What needs to be done:
Please transcribe the data below exactly. Leave the pictures out.

Supplied data:
*** Block opens ***

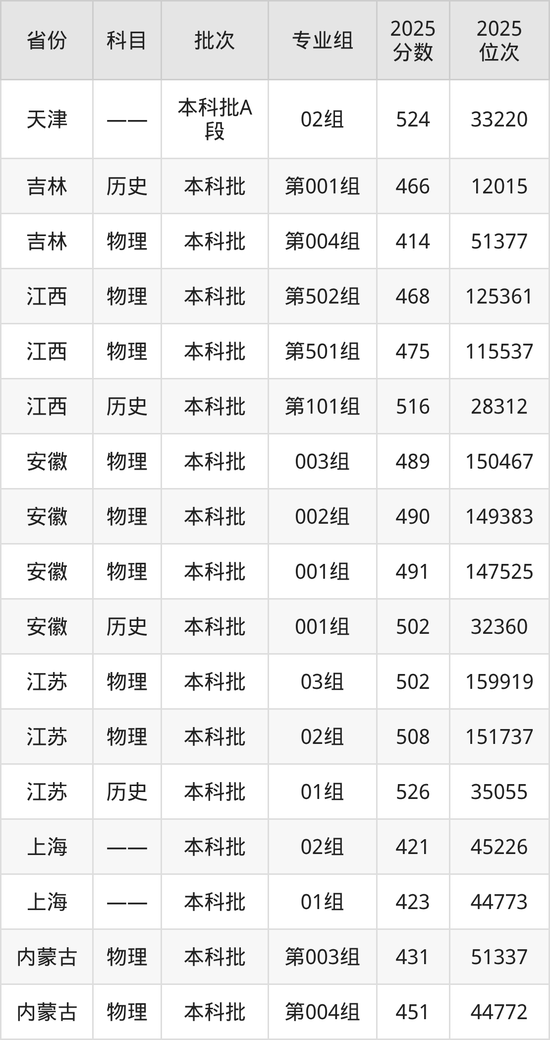 普通类本科物理类最低491分,本科历史类最低517分
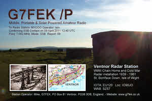 I am also operating on battery portable / solar power from a high up location near the Ventnor WWII Radar installation. I will be pleased to exchange qsl cards with anyone I make contact with, if they have sent a direct qsl to the PO box address on my QRZ page.
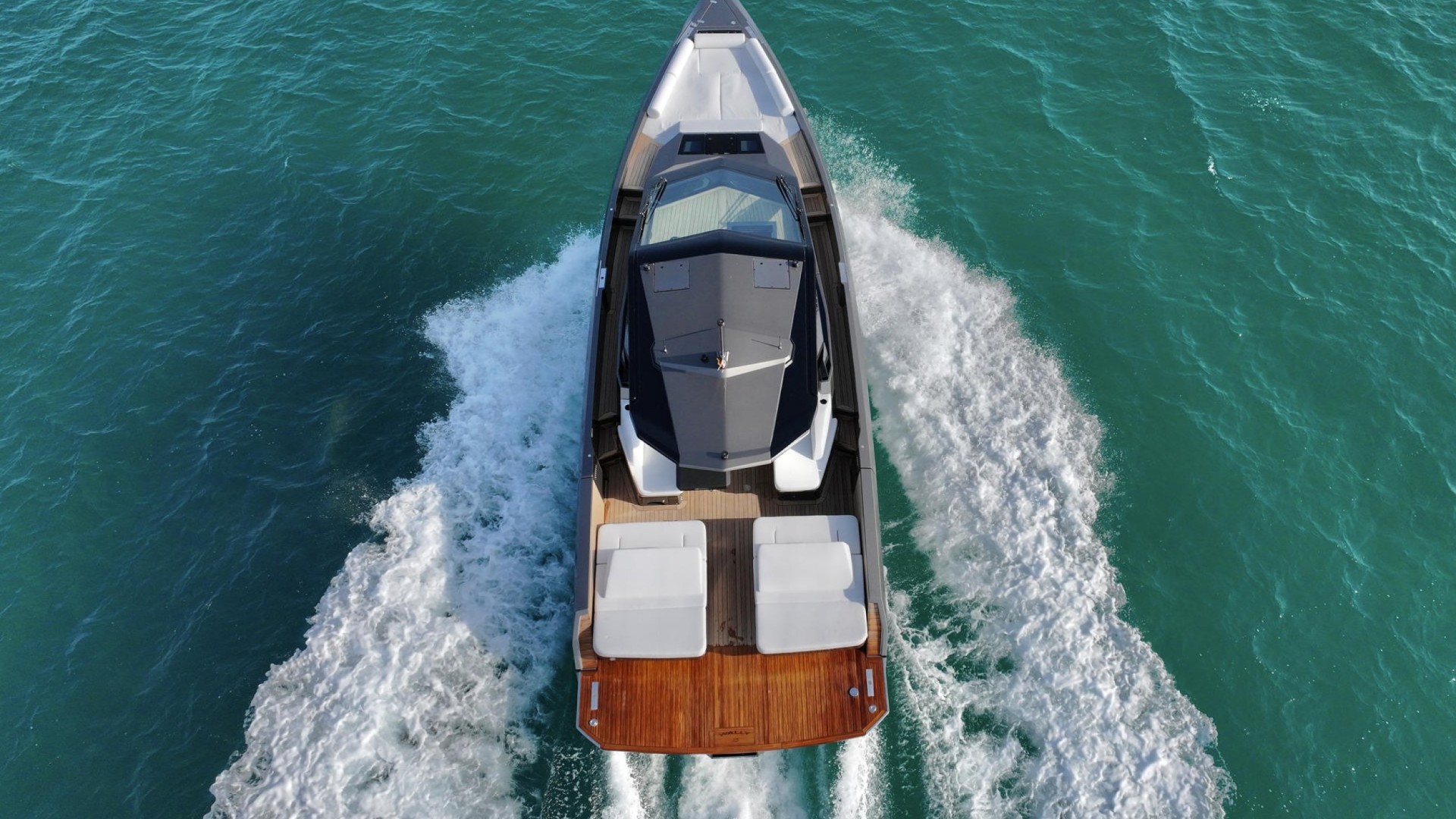 “Terrace on the Sea” Deck: The open-transom design featuring folding bulwarks expands the available space, creating an authentic private terrace at water level to enjoy the Ibiza sun.

*** Block closes ***

Task output:
 普通类本科物理类最低491分,本科历史类最低517分
 I am also operating on battery portable / solar power from a high up location near the Ventnor WWII Radar installation. I will be pleased to exchange qsl cards with anyone I make contact with, if they have sent a direct qsl to the PO box address on my QRZ page.
 “Terrace on the Sea” Deck: The open-transom design featuring folding bulwarks expands the available space, creating an authentic private terrace at water level to enjoy the Ibiza sun.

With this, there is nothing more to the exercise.